While we can look at every detail of what a machine learning algorithm is doing, interpreting what is going on in the latent space is far from clear. However, the field of trying to understand what the machine is doing, “mechanistic interpretability”, is a science, not handwaving. It puts us on a productive path to dealing more effectively with cloud objects. This is one of two reasons I’m hopeful about building a stronger foundation for the science of management. The other reason is best illustrated by goldfish.
Machine Learning and Goldfish Theory
If goldfish had theories of management, they would all be of the form “there are two types of X”: two types of organization, two types of teams, and two approaches to strategy. This is because goldfish are not that smart. I’m suggesting they can only manage two dimensions. Humans are much smarter than goldfish; we easily handle five, six, or seven dimensions. Almost all popular management theories have around five to seven categories or steps.
Generally, the fewer categories or dimensions you have, the less accurate your predictions will be. If you are deciding which candidate to hire, and you only consider two dimensions, then you won’t make as good decisions as someone who considers seven dimensions.
Management is so complex that even seven dimensions are not that predictive. As long as management theory is based on a low number of dimensions it will be of limited value. AI will be able to deal with vast numbers of dimensions and easily develop new abstractions. It will handle the complexity of management better than we can, although it may be hard to understand why it is doing what it does.
I admit I quietly slipped from the word “abstractions” to “dimensions”. Dimensions in the world of management might be “the degree of centralization” or “the degree of task interdependence”. Centralization and task interdependence are, of course, abstractions.

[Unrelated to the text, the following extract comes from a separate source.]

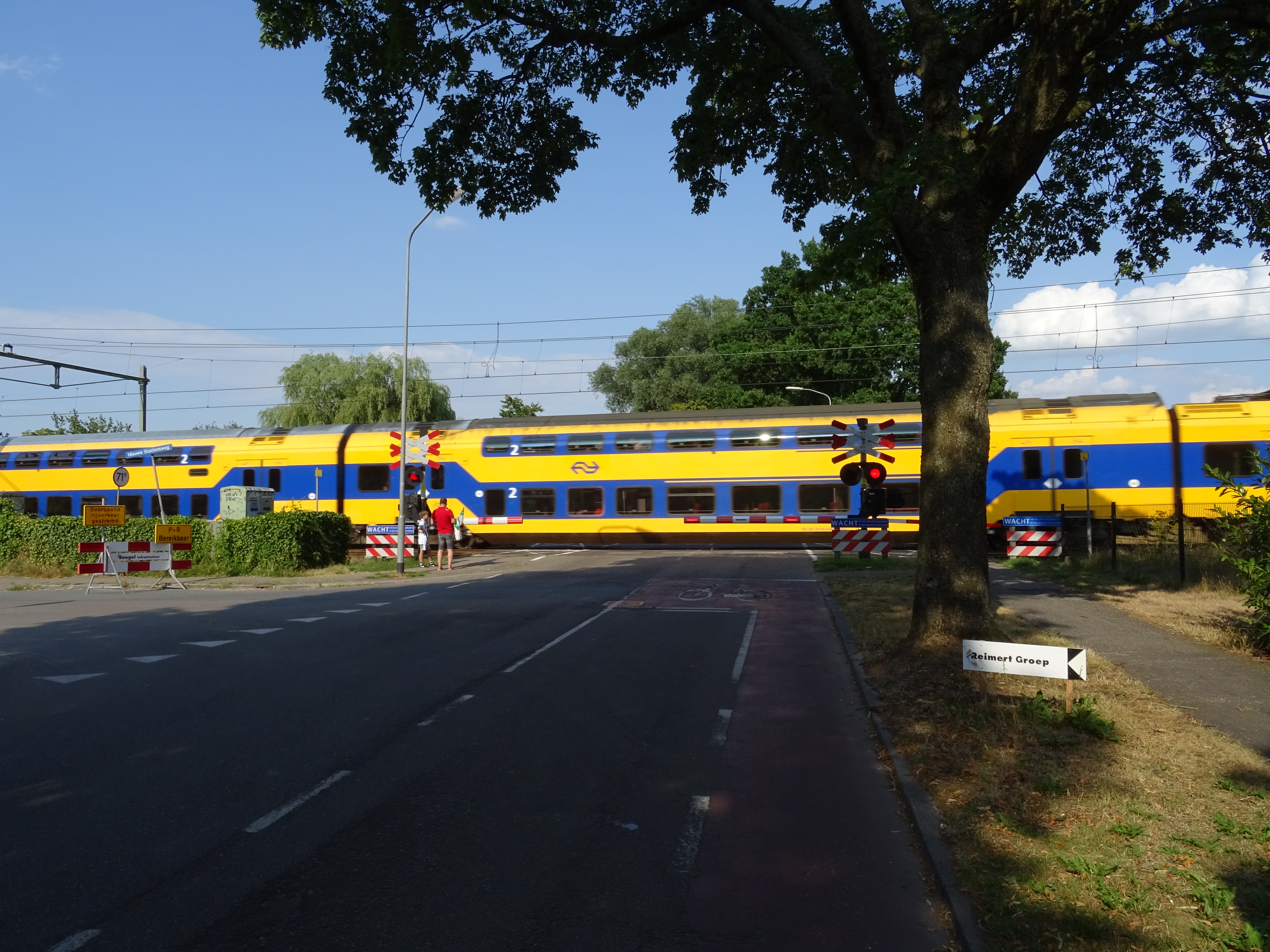 Foto Andor Heij: Trein, spoorwegovergang,Haren

In management, we bump into cloud objects no matter where we turn. An abstraction where we can distinguish high from low can be used as a dimension.
Advice for Scientists
For academics creating a science of management, the mathematics of machine learning may provide a kind of microscope to investigate concepts more concretely. Dive into these learning mechanisms to see what they teach us about abstractions and compression. Be the person known for muttering, “The secret lies in the latent space.” Not only may we come to better understand the cloud objects we discuss in management, we may discover new abstractions that are more precise and powerful.
Advice for Engineers & Practitioners
Practical managers who were never exposed to the rigour of science and engineering probably never fretted once about cloud objects. They knew the world seemed fuzzy and they didn’t particularly care. For those unfortunate managers trained in science or engineering who expected to find a solid foundation in management theory, the advice is to forget those dreams. Like Joni Mitchell, it’s only clouds' illusions you’ll recall; you really can’t know clouds at all.
Perhaps the key is discovering the abstractions that happen to be useful to your situation at a particular moment. Have you ever seen a wise, experienced manager look at a situation and say something completely out of the blue such as “There are two approaches, the looking inward approach and the looking outward approach”? They had never used that concept before; however the wise manager was able to invent it on the fly. An AI may be a useful partner in inventing fresh management frameworks that help make sense of a unique situation. So, with folk wisdom, we had AI searching through existing frameworks to provide insight. With this new “abstraction first” approach, we will ask AIs to invent a new framework tuned to the situation—and this is beginning to sound like Taleb’s fractal localism.